Basarbovo Monastery (Басарбовски манастир) – the Monastery of Saint Dimitar Basarbowski – is a Bulgarian Orthodox cave monastery near the city of Ruse in north-eastern Bulgaria. It has the same name as the nearby village of Basarbovo and lies about 35 metres above the river Rusenski Lom, south of the Danube.

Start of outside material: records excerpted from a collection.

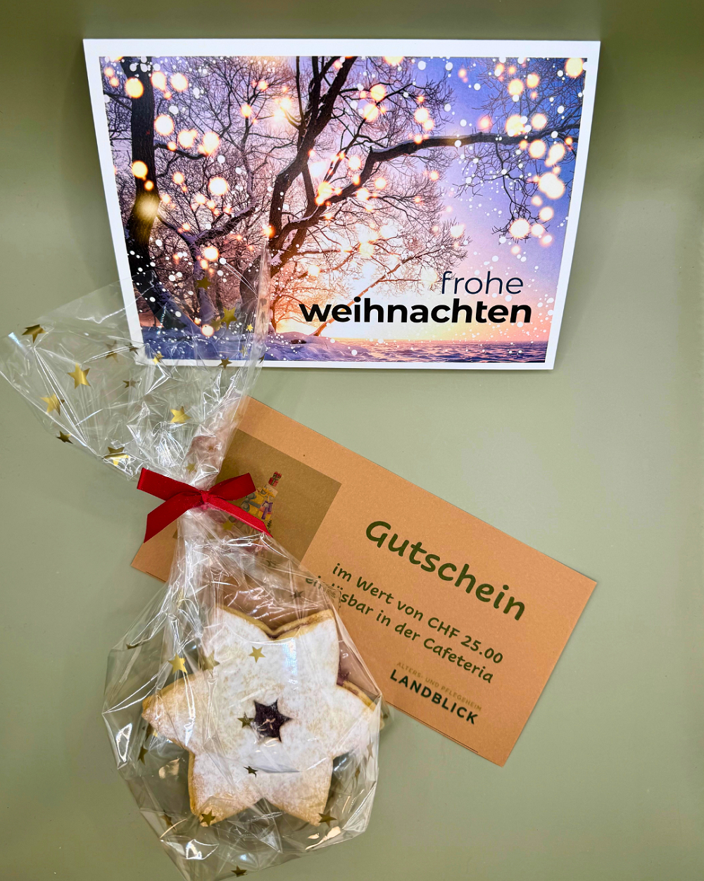 Als kleines Weihnachtsgeschenk erhalten unsere Bewohnenden einen hausgemachten Spitzstern, eine Karte sowie einen Gutschein für Konsumationen in unseren Cafeterias.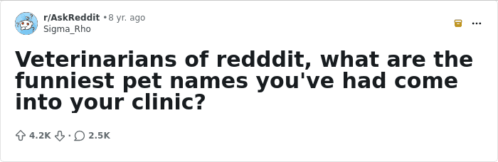 Working as a vet can be incredibly stressful and challenging, yet also deeply fulfilling. And it helps if you and your clients have a good sense of humor. Like when you realize that you’ll be treating pets with the names Big Dog, Chicken Salad, and Greg From Accounting.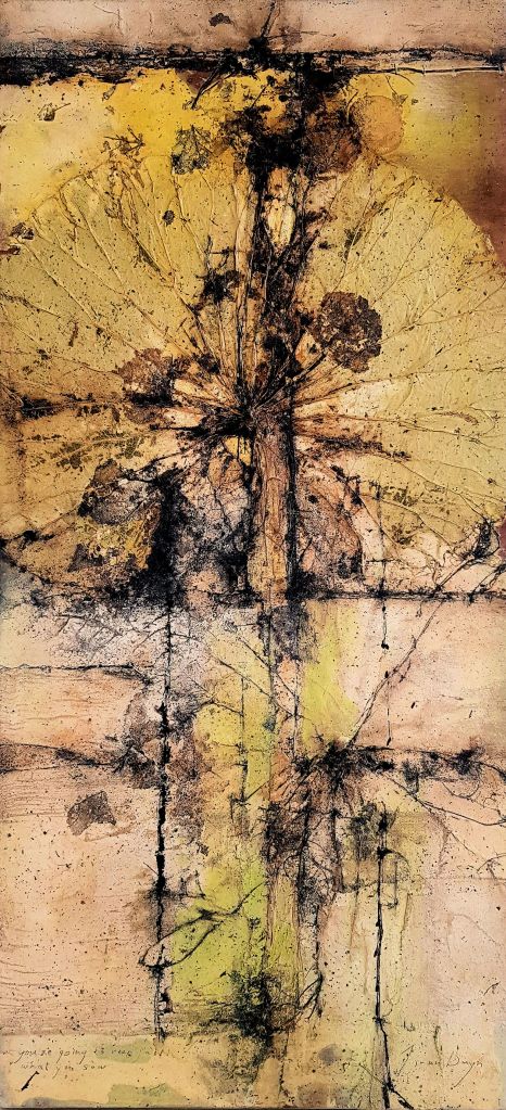 In stilte, zonder herinnering € 1950,- Formaat 122 bij 122 cmYou`re going to reap just what you sow € 1750,-Formaat 122 bij 62 cm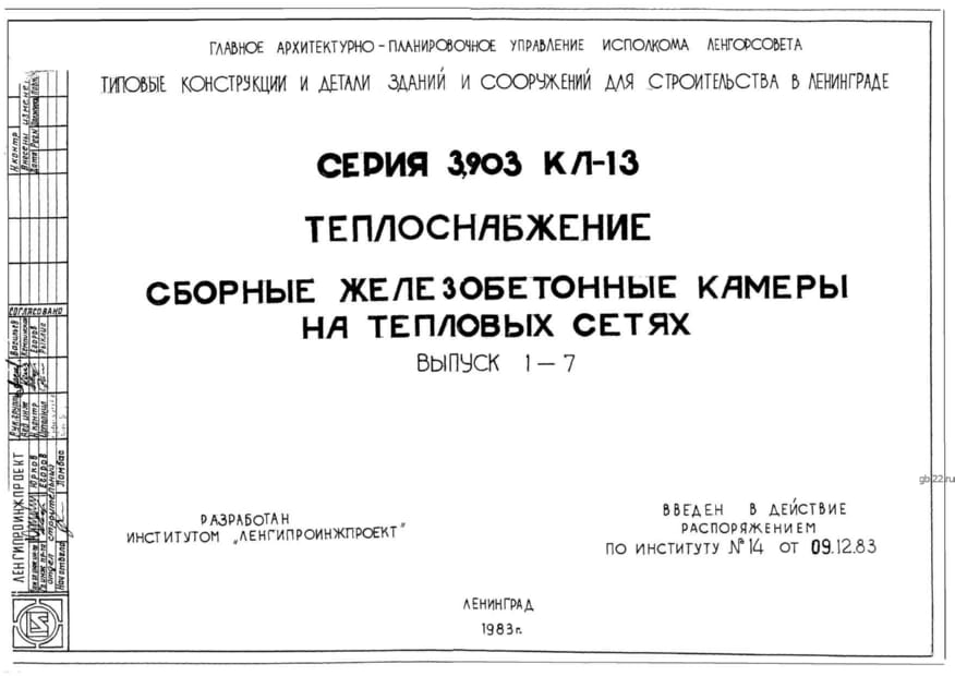 | Название стандарта | Теплоснабжение. Сборные железобетонные камеры на тепловых сетях. |

Although founded during the Second Bulgarian Empire, the oldest written mention of the monastery dates back to the 15th century in an Ottoman tax register. The monastery became famous in the 17th century after the death of St. Dimitar Basarbovski, whom St Paisiy Hilendarski talks about in the book Istoriya Slavyanobolgarskaya. St. Dimitar Basarbovski was a shepherd and led an ascetic life in the rocks of the monastery. He died in 1685. He was buried in the village church, but during the Russo-Turkish War of 1768-1774, General Pyotr Saltykov agreed to transfer his relics to Russia. The road passed through Romania. At that time, that region was suffering through a plague epidemic. The legend tells that when the saint's relics entered Bucharest, people stopped dying from the plague. The residents of the town asked the General to leave the saint's body there. Today his relics are located in Bucharest in the St. St. Constantine and Elena Church. In 1937, Father Hrisant settled in Basarbovo Monastery and revived it. The monastery celebrates its patron on October 26, St. Dimitar's Day.

It is the only active cave monastery in the modern history of Bulgaria. It was named a historical landmark in 1978.